His daughter is not fatherless, adopted years ago by her stepfather. She has a daddy, and I thank God for that.
Clint was a father, had four children with his first wife, but as we all know, he died last year just days short of Father’s Day.
Me? My daddy died when I was six, so I’m accustomed to this day when people celebrate what I have never known. I do have this photo of him during World War Two. Handsome, with sweet eyes.
I guess I can count the father bird whose nest of babies just flew away. Every year, a pair of wrens nest in an old floor lamp in the garage, preventing me from giving it to Goodwill.
No, we are not complaining. We, the two dogs and the fish and I, are escaping the 106º heat index outside by holing up in my room, ceiling fan creating a small breeze for us, watching the U S Open golf tournament and being happy for all the fathers and sons and daughters we see there.
*schizo-affective (also schizoaffective)
adjective (of a person or a mental condition) characterized by symptoms of both schizophrenia and manic-depressive psychosis.
Friday, June 18, 2010
Carly
06/18/10
Today, Nancy, my friend of 38 years, came and picked me up to go eat lunch at a Mexican restaurant we frequent, though less often now that we’re in our sixties and take Prevacid. When she parked the SUV, I climbed out of my side and glanced over to see her looking in the car parked next to us. She wore a look of shock and fear. I rounded the front of her SUV and looked for myself. There, in a black car, two windows slightly cracked, on the passenger seat, was a tiny white puppy with brown ears . She was mewling like a kitten, panting, her eyes wide and terrified, beginning to cloud over. There was no water in sight. I clicked The Weather Channel icon on my Blackberry to find that at that moment, the temperature was 95º with a heat index of 100º!

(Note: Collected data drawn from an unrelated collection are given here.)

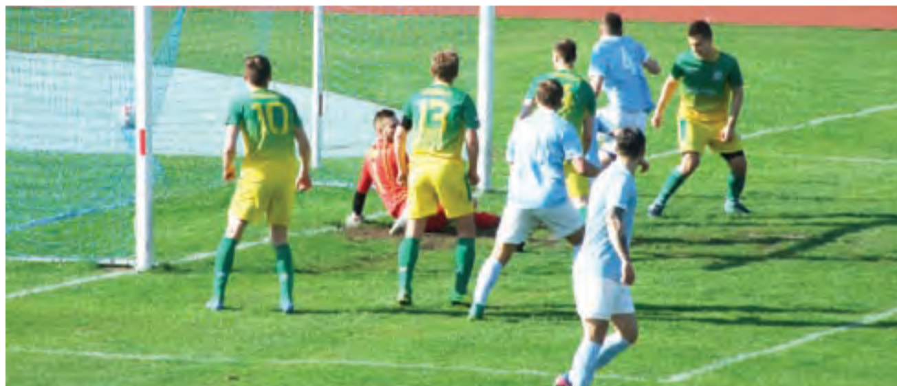
Po zamieszaniu w polu bramkowym piłkarze Zjednoczonych (błękitne koszulki) zdobyli zwycięską bramkę.

14 kwietnia podopieczni trenera Łukasza Wijaty rozegrali kolejne ligowe spotkanie. Strykowscy zawodnicy znów udali się na mecz w roli gości, tym razem na trudny teren do Kleszczowa. Rywalem Zjednoczonych była Omega, która w tym sezonie prezentuje futbol zbliżony do strykowskiego. Po zwycięskiej walce i голу w 13 min. Karo-
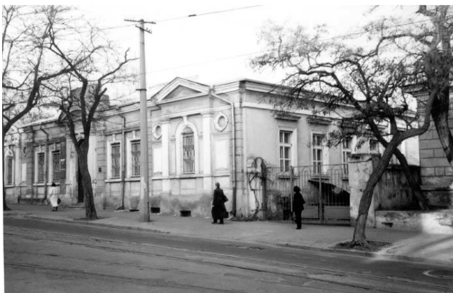
Рис. 6 Детский дневной приют имени «Константина и Елены», 1892 г. (ул. Старопортофранковская, 4) Общий вид здания в конце XIX в. Общий вид здания в 2004 г.
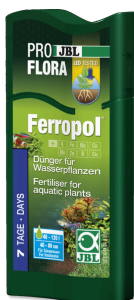
JBL PROFLORA Ferropol

Fertilizante para plantas para acuarios de agua dulce
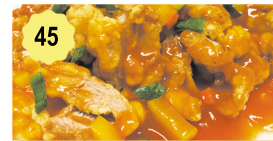
45 Poulet sauce aigre-douce Chicken sweet and sour sauce 12.00€

Yes, some idiot person(s) who should be arrested and made to sit in a black car with no water and inadequate ventilation in 100º heat had left that little puppy, who looked as though she were too young to be taken from her mother, in the car under the blazing sun, no shade in sight.

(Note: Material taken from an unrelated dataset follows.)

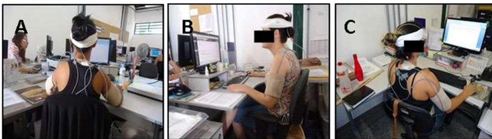
Figura 2A: uso da parte côncava da mesa em “L”

2B e 2C: uso da parte reta da mesa, subdividido em 2B: apoio direito e 2C: apoio esquerdo
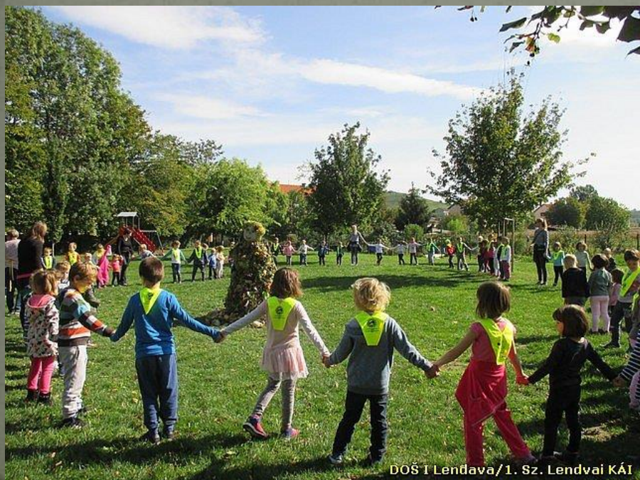
DOŠ I Lendava/1. Sz. Lendvai KAI

DOŠ I Lendava ima še podružnično šolo v vasi Gaberje. Skupaj s podružnico ima prb. 500 učencev.

I was almost physically ill, choking back the taste of bile that rose in my throat. We rushed into the restaurant and I went from table to table until I found the two teen girls whose combined IQ must have been that of a squirrel, who said the puppy was theirs. I asked if I could take him some water before he died of heat stroke.

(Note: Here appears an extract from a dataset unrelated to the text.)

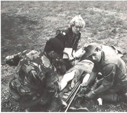
Mannschaft 12 beim Erste-Hilfe-Posten. 3 verschiedene Sprachen, niemand verstand den anderen, und doch musste man sich irgendwie verständigen.

zwar von jeder Nation ein Angehöriger der Armee. Weil aber einzelne Nationen stärker vertreten sind als andere Nationen, sind vielleicht in einem Team 2 Franzosen, 1 Kanadier, 1 Brite, 1 Österreicher, 1 Schweizer und 1 Deutscher. Es geht bei diesem Wettkampf nicht um Nationenstärke, sondern vielmehr um die Verständigung und Annäherung zwischen Soldaten verschiedener Nationen. Zusammenarbeit ist unbedingt notwendig, denn nur die Gesamtleistung einer Mannschaft kann den Sieg bringen.

“The windows are cracked.”
“Yes, they are, but in this heat the temperature of that car is probably close to 135º. May I please take the puppy some water?”
Shrugs.
“We have a water bowl, the younger of the two said.”
More Shrugs.
“May I please put some water in it?”
“Okay,” the older of the two finally said. She appeared to be about 17, and she handed her younger sister the car keys. Nancy had gotten a cup of cold water and handed it to me as the girl and I walked outside into the scorching heat, me praying that the puppy was still alive.
She opened the driver’s side door. The puppy was nowhere to be seen. I was at the passenger door and had to ask her to unlock it, and she reached across to let me in. The puppy had crawled under the front seat seeking shade, I suppose, and she was still crying, only much more softly.
I reached under the seat and pulled out the puppy and put the cup to her lips. She drank weakly, hardly able to lap at the water, but as he continued to drink, her tongue started working harder at getting the water down.
“Where is the water bowl? Will you give it to me?”
The girl, who seemed to be about 12, opened the trunk of the car and retrieved the water bowl. Now there's an idea: leave your puppy in a hot car and her empty water bowl in the effing trunk. I poured the cool water in the bowl and placed it beside the puppy, whose name, as it turns out, is “Carly.”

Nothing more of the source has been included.